AMTRAK SUSPENDS DAILY LONG-DISTANCE PASSENGER SERVICE STARTING OCT. 5

Monday, Oct. 5, marked the first day that Amtrak’s cuts went into effect across the nation, reducing daily train services on the long-distance rail network from seven to three days a week in response to financial losses due to the pandemic. These reductions are a disappointing loss, as long-distance trains bring in the majority of Amtrak revenue and continue to lead in ridership numbers.

Since the COVID-19 pandemic began, long-distance trains have lost the least ridership as a percentage compared to other networks. Last week, long-distance trains were down 44%, while state-supported and Northeast Regional trains both dropped 73% and Acela was down 90%. Long-distance passengers clearly rely on these trains more than any other Amtrak service.

Early data also shows that many of the long-distance trains routinely sell out in sleepers, coaches or both—more than other Amtrak segments.
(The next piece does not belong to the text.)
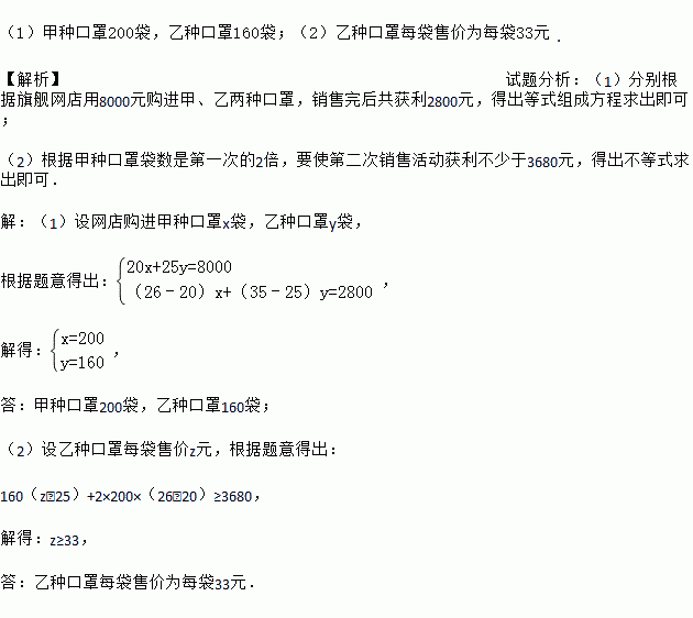(2)该网店第二次以原价购进甲、乙两种型号口罩,购进乙种型号口罩袋数不变,而购进甲种型号口罩袋数是第一次的2倍.甲种口罩按原售价出售,而乙种口罩让利销售.若两种型号的口罩都售完,要使第二次销售活动获利不少于3680元,乙种型号的口罩最低售价为每袋多少元?

It is unclear how Amtrak will adapt to this steady demand with the recently enacted cuts.

The U.S. House of Representatives originally proposed legislation as part of a second stimulus package that included a supplemental appropriation to keep daily service, state-funded corridor routes and commuter rail operating through the end of the fiscal year. That legislation also included funding and a mandate for maintaining daily long-distance service, which provides 53% of Amtrak’s incoming revenue.

However, while Congress passed a continuing resolution Oct. 1 to keep the federal government operating, it failed to address the need for supplemental funding to keep daily trains running or stave off Amtrak staff furloughs. The loss of daily service will limit mobility for millions of travelers who use trains to commute to jobs, health care services and family visits at a time when these connections are needed more than ever to stimulate local economies, especially in rural areas.